The original remains a fixed point in time; a revered classic with which very few games can truly stand toe-to-toe. I think that for a lot of gamers my age it was simply in the right place at the right time, coming out just as we were on the cusp of adolescence and searching for something more mature and forfilling than Sonic or Mario. Indeed, it and the equally revalatory Metal Gear Solid defined the first PlayStation.
The remake was first teased at this year’s E3, but during the PlayStation Experience we saw a new trailer featuring debut gameplay footage. It looks like big changes are afoot, with a shift towards spin-off CG film, Advent Children’s animé feel and aesthetic, full voice acting (something of a given in this day and age, I guess) and real-time combat all on the cards. Truth be told, I remain somewhat skeptical.

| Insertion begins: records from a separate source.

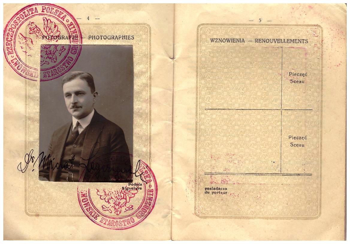 - dowód osobisty – paszport RP 1930 r str 4-5 Michał Legeżyński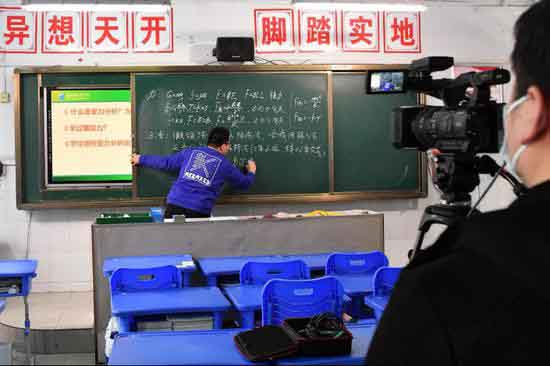 Un enseignant de lycée propose des cours en ligne le 2 février 2020 à Zhengzhou, capitale de la province du Henan (est de la Chine). Les écoles en Chine ont reporté le début du nouveau semestre en raison de l'épidémie de nouveau coronavirus. (Photo / Xinhua)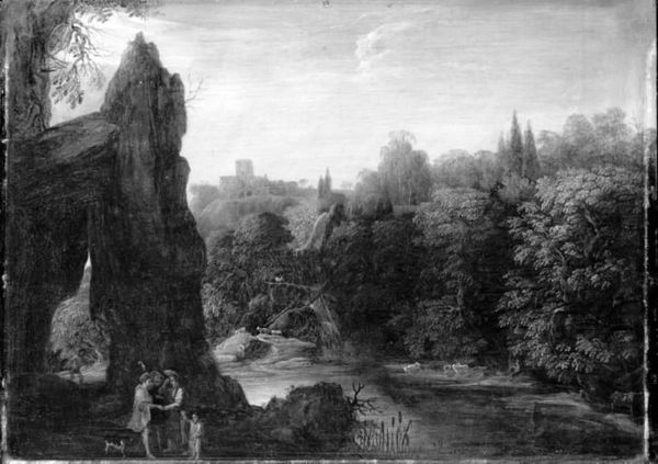 Cornelis Huysmans made this landscape painting using oil on canvas. Huysmans applied the paint in layers to build up the scene's depth. We can see his sensitivity for the material quality of oil paint in the way he used the medium to create the illusion of light playing across the landscape. Look closely and you can see the brushstrokes that give texture to the trees and the rocks, almost as if he’s sculpting the landscape itself. The subdued palette heightens the painting's melancholic mood. In the 17th century, landscapes were not just about pretty scenery, they often carried moral or allegorical messages. Here, the natural world is a reflection of human emotions, hinting at the transience of life. Huysmans's masterful handling of oil paint invites us to consider how the materials and the act of painting itself contribute to the overall meaning of the work. It reminds us that art is not just about what is depicted, but how it is made.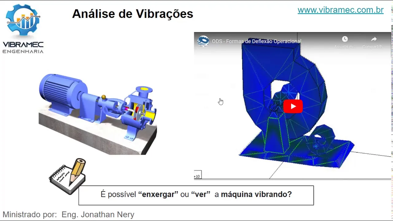 E aí Oi tudo bem pessoal meu nome é Jonathan e faço parte da vibramec engenharia este minicurso tem como tema os conceitos básicos em análise de vibrações é Lembrando que esse recurso é gratuito a emissão do certificado também gratuita se obtido aproveitamento mínimo de sessenta por cento as orientações importantes é é que papel caneta um lápis é que você possa realizar os exercícios durante a apresentação do minicurso quando necessário pause pause o vídeo anote é inclua uma dúvida que você possa ter Faça uma anotação de um pó de um ponto que considero importante naquele momento
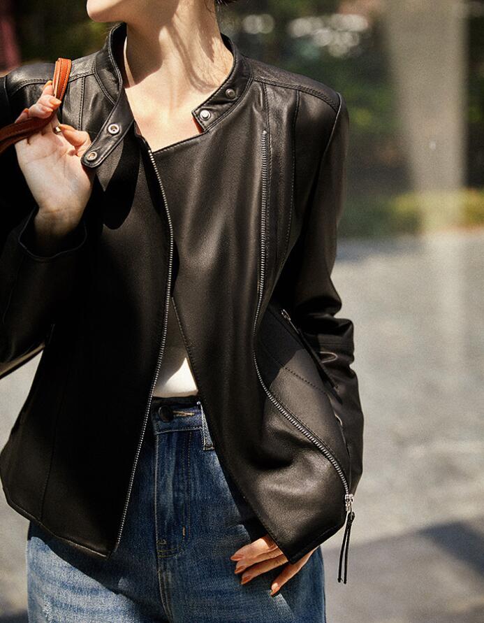 本革 羊革 レザージャケット 革ジャン ダブルライダース ショート丈 短ジャンパーブルゾンスレンダーライン細身レディースファッションコートジャケット ライダースジャケットGジャケット

Here’s the thing: much of Final Fantasy VII looked pretty crude, even back in 1997, but this and the fact that the story was told almost entirely through speech bubbles, meant that gamers ended up having to fill in the gaps with their own imaginations. In this way, playing Final Fantasy VII, and all those original PlayStation Final Fantasies, had a lot in common with reading a good book, giving each and every would-be Cloud Strife a unique and special experience. You could probably argue that being able to project some of our own cultural sensibilities onto Final Fantasy VII’s already richly detailed world factored into its breakthrough success here in the West.
Hence, my key misgiving is that the remake is effectively attempting to force somebody else’s vision of the story onto me, thereby presuming invalidate some of my own most cherished gaming memories. To mulligan such a revered piece of work, toward which so many people have such powerful affection, is a very risky endeavour. From what I’ve seen so far, I certainly prefer my own interpretation of Final Fantasy VII to Square Enix’s new one.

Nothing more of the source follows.